DATA TO PROCESS Start Marker

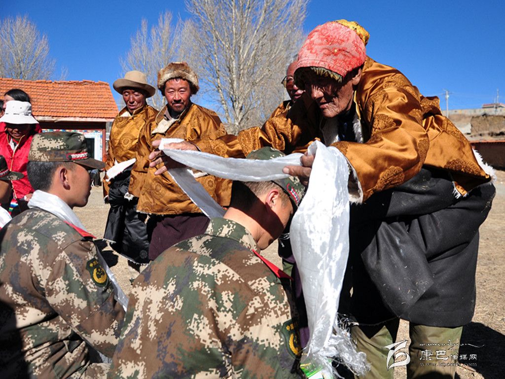 春節(jié)期間,理塘縣敬老院老人為前來慰問的官兵獻(xiàn)哈達(dá)。
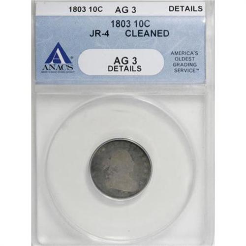 <B>1803 10C --Cleaned--ANACS. AG3 Details.</B></I> JR-4. NGC Census: (3/28). PCGS Population (5/35). Mintage: 33,040. Numismedia Wsl. Price for NGC/PCGS coin in AG3 : $336. (#4473)<BR><BR><B>Coin Engraver:</B> Robert Scot<BR><BR><b>Shipping:</b> Coins & Currency (<a target="_blank" href="http://www.heritageauctions.com/common/shipping.php">view shipping information</a>)
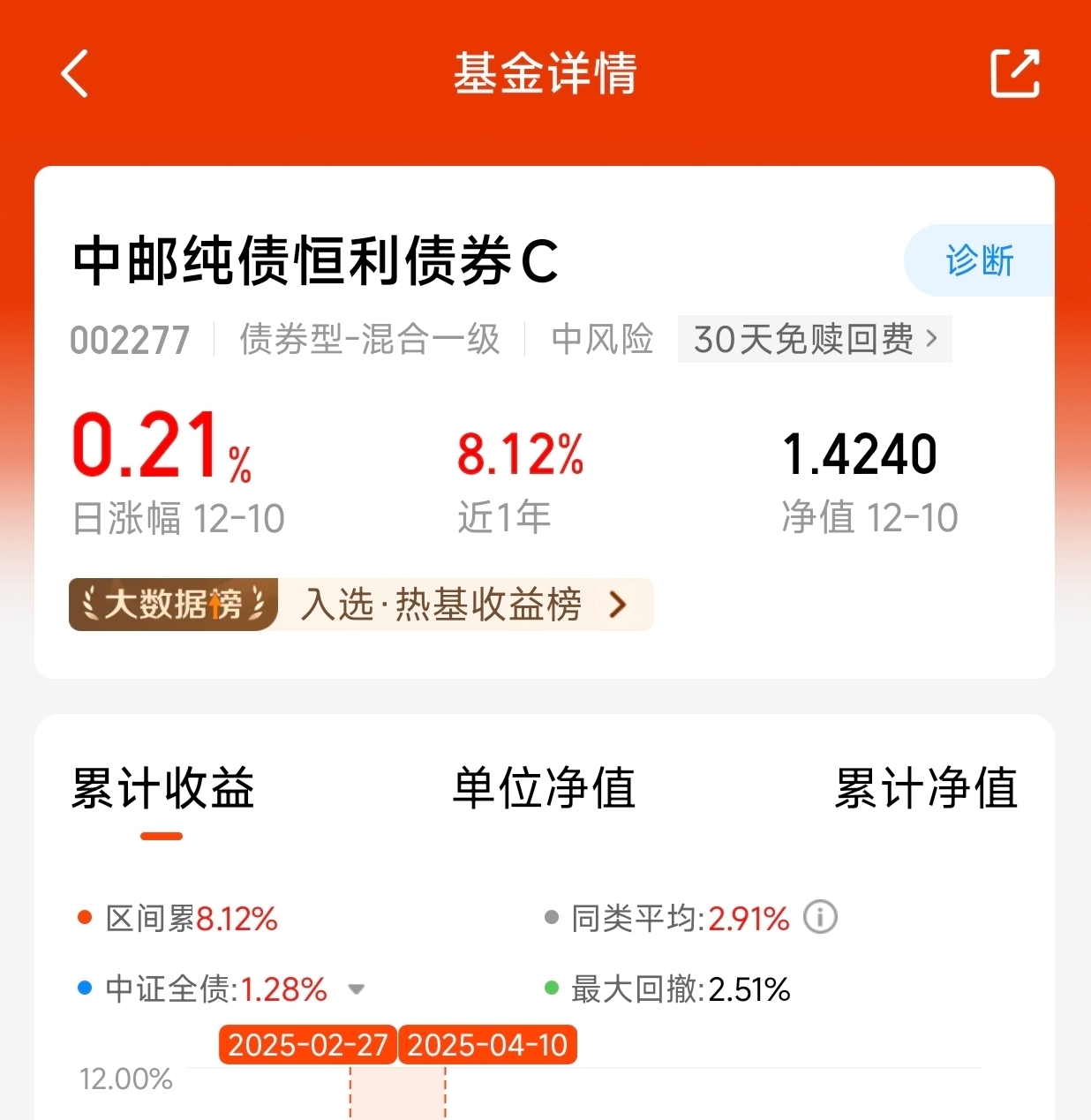 我在#茅台批价触及1500元 “挤泡沫”何时结束?# 选择了“严重低估” 虽然是已经低估值了,但是不反弹也是没办法,不如自己提前改变方向,$中邮纯债恒利债券C$ 操作起来,主投可转债和纯债,没有股票,股债切换合适,昨天21个蛋
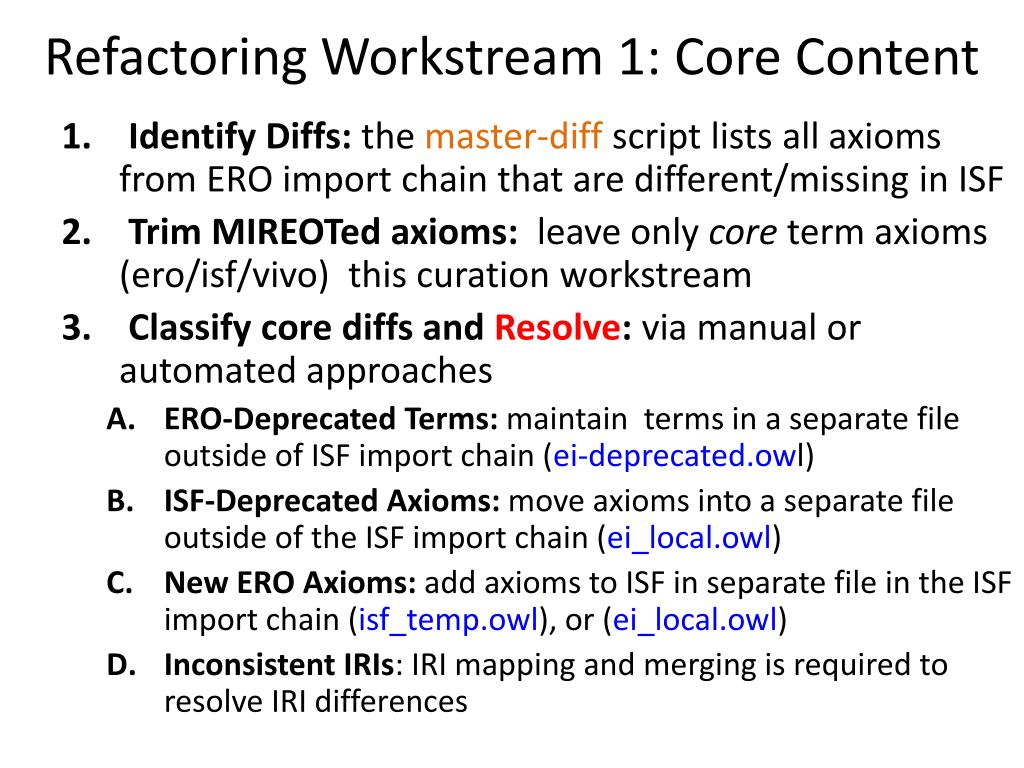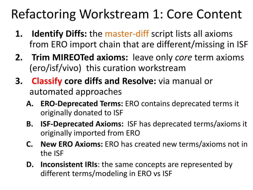 Refactoring Workstream 1: Core Content • Identify Diffs: the master-diff script lists all axioms from ERO import chain that are different/missing in ISF • Trim MIREOTed axioms: leave only coreterm axioms (ero/isf/vivo) this curation workstream • Classifycore diffs and Resolve: via manual or automated approaches • ERO-Deprecated Terms: ERO contains deprecated terms it originally donated to ISF • ISF-Deprecated Axioms: ISF has deprecated terms/axioms it originally imported from ERO • New ERO Axioms:ERO has created new terms/axioms not in the ISF • Inconsistent IRIs: the same concepts are represented by different terms/modeling in ERO vs ISF
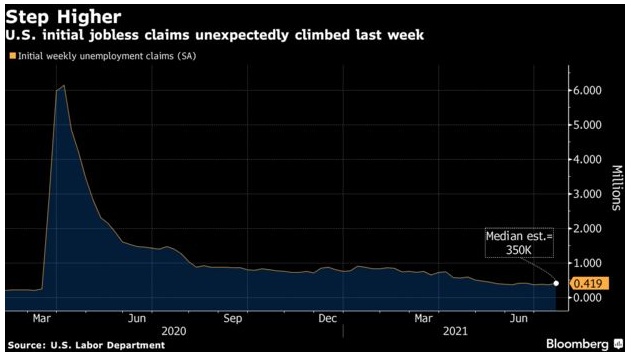 初请失业金人数意外上升,反映了密歇根州、德克萨斯州、肯塔基和密苏里四个州失业人数的大幅增长。虽然有许多因素使每周数据难以进行季节性波动调整,但迅速扩散的新冠病毒delta变种可能在未来几个月为数据注入进一步的波动性。
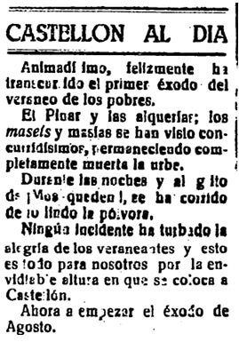 El final del mes de julio, con la doble festividad el día 25 de Santiago Apóstol y San Cristóbal, patrón de la capital de la Plana, supone «el primer éxodo del veraneo de los pobres», como lo define Heraldo de Castellón en 1925. El diario se refiere a lo «muerta» que queda la urbe en detrimento del Pinar, las alquerías y los masets y pone de relieve el papel de la pólvora en unas noches en que se repite el grito Mos quedem! El periódico subraya finalmente la ausencia de incidentes y convoca a los castellonenses «a empezar el éxodo de agosto», en este caso en torno a la festividad de la Asunción y de San Roque.

DATA TO PROCESS End Marker

ASSIGNED TASK:
From the records above, extract the lines from the one holding "<B>1803 10C --Cleaned--ANACS." through the one holding "初请失业金人数意外上升,反映", word for word; omit the pictures.

EXERCISE OUTPUT:
 <B>1803 10C --Cleaned--ANACS. AG3 Details.</B></I> JR-4. NGC Census: (3/28). PCGS Population (5/35). Mintage: 33,040. Numismedia Wsl. Price for NGC/PCGS coin in AG3 : $336. (#4473)<BR><BR><B>Coin Engraver:</B> Robert Scot<BR><BR><b>Shipping:</b> Coins & Currency (<a target="_blank" href="http://www.heritageauctions.com/common/shipping.php">view shipping information</a>)
 我在#茅台批价触及1500元 “挤泡沫”何时结束?# 选择了“严重低估” 虽然是已经低估值了,但是不反弹也是没办法,不如自己提前改变方向,$中邮纯债恒利债券C$ 操作起来,主投可转债和纯债,没有股票,股债切换合适,昨天21个蛋
 Refactoring Workstream 1: Core Content • Identify Diffs: the master-diff script lists all axioms from ERO import chain that are different/missing in ISF • Trim MIREOTed axioms: leave only coreterm axioms (ero/isf/vivo) this curation workstream • Classifycore diffs and Resolve: via manual or automated approaches • ERO-Deprecated Terms: ERO contains deprecated terms it originally donated to ISF • ISF-Deprecated Axioms: ISF has deprecated terms/axioms it originally imported from ERO • New ERO Axioms:ERO has created new terms/axioms not in the ISF • Inconsistent IRIs: the same concepts are represented by different terms/modeling in ERO vs ISF
 初请失业金人数意外上升,反映了密歇根州、德克萨斯州、肯塔基和密苏里四个州失业人数的大幅增长。虽然有许多因素使每周数据难以进行季节性波动调整,但迅速扩散的新冠病毒delta变种可能在未来几个月为数据注入进一步的波动性。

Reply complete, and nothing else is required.